Please transcribe the entries that follow exactly as they stand, skipping each picture.

Saved data entries
Start of Block
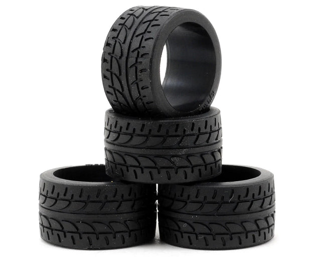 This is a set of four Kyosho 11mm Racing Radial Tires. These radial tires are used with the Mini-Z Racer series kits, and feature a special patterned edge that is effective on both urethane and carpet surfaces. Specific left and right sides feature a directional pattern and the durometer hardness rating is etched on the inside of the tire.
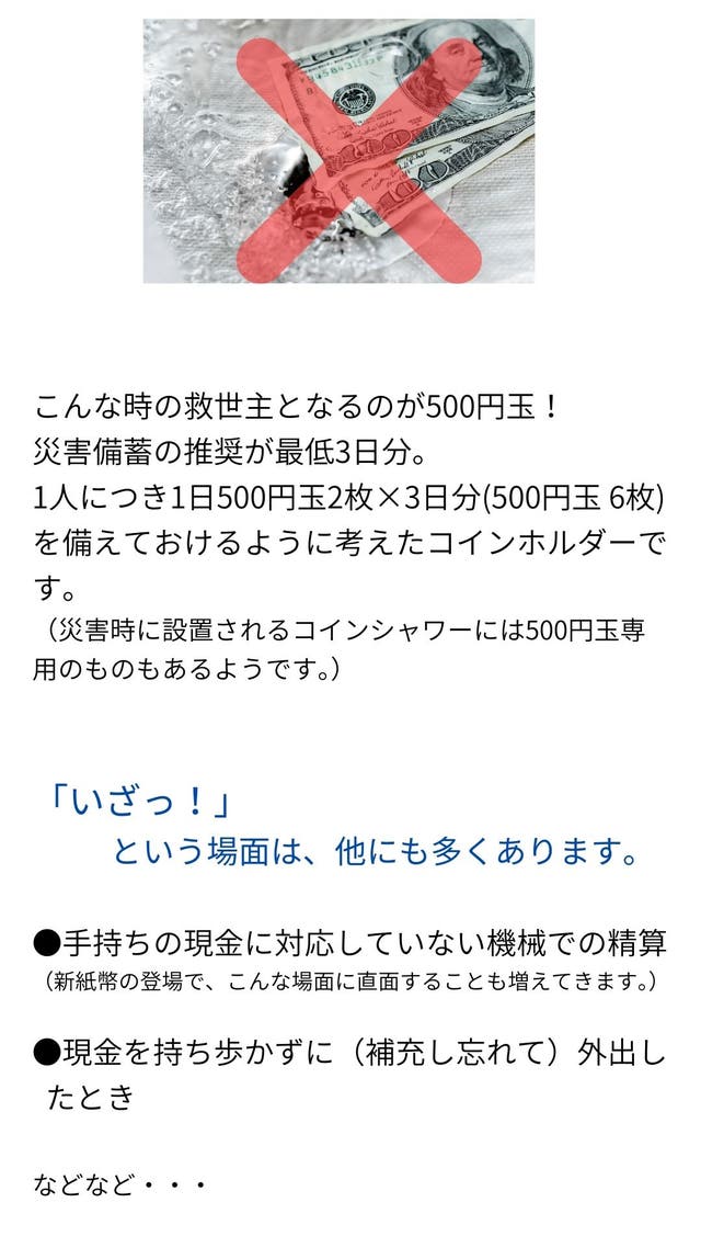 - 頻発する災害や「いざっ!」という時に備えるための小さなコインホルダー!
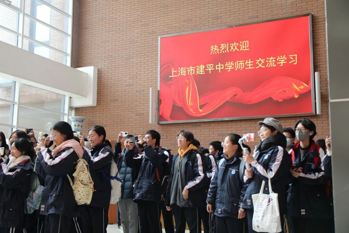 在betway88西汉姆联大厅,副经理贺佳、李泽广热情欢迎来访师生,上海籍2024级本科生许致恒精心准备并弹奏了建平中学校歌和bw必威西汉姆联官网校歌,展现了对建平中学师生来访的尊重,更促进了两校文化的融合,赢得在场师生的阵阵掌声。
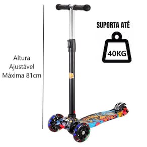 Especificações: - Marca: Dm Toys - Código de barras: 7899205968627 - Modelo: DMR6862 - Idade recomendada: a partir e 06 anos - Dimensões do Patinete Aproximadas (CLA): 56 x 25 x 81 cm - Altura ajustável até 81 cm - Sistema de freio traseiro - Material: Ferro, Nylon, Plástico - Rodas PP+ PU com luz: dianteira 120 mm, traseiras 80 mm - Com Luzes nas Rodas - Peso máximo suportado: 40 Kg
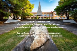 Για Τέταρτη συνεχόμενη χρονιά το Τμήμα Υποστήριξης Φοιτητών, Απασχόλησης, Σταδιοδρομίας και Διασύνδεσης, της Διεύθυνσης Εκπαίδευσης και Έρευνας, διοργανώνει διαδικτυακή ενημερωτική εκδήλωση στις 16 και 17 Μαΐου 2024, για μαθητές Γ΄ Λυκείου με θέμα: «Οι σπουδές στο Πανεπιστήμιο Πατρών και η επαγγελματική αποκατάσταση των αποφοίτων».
End of Block
▶ **Answer box**
 This is a set of four Kyosho 11mm Racing Radial Tires. These radial tires are used with the Mini-Z Racer series kits, and feature a special patterned edge that is effective on both urethane and carpet surfaces. Specific left and right sides feature a directional pattern and the durometer hardness rating is etched on the inside of the tire.
 - 頻発する災害や「いざっ!」という時に備えるための小さなコインホルダー!
 在betway88西汉姆联大厅,副经理贺佳、李泽广热情欢迎来访师生,上海籍2024级本科生许致恒精心准备并弹奏了建平中学校歌和bw必威西汉姆联官网校歌,展现了对建平中学师生来访的尊重,更促进了两校文化的融合,赢得在场师生的阵阵掌声。
 Especificações: - Marca: Dm Toys - Código de barras: 7899205968627 - Modelo: DMR6862 - Idade recomendada: a partir e 06 anos - Dimensões do Patinete Aproximadas (CLA): 56 x 25 x 81 cm - Altura ajustável até 81 cm - Sistema de freio traseiro - Material: Ferro, Nylon, Plástico - Rodas PP+ PU com luz: dianteira 120 mm, traseiras 80 mm - Com Luzes nas Rodas - Peso máximo suportado: 40 Kg
 Για Τέταρτη συνεχόμενη χρονιά το Τμήμα Υποστήριξης Φοιτητών, Απασχόλησης, Σταδιοδρομίας και Διασύνδεσης, της Διεύθυνσης Εκπαίδευσης και Έρευνας, διοργανώνει διαδικτυακή ενημερωτική εκδήλωση στις 16 και 17 Μαΐου 2024, για μαθητές Γ΄ Λυκείου με θέμα: «Οι σπουδές στο Πανεπιστήμιο Πατρών και η επαγγελματική αποκατάσταση των αποφοίτων».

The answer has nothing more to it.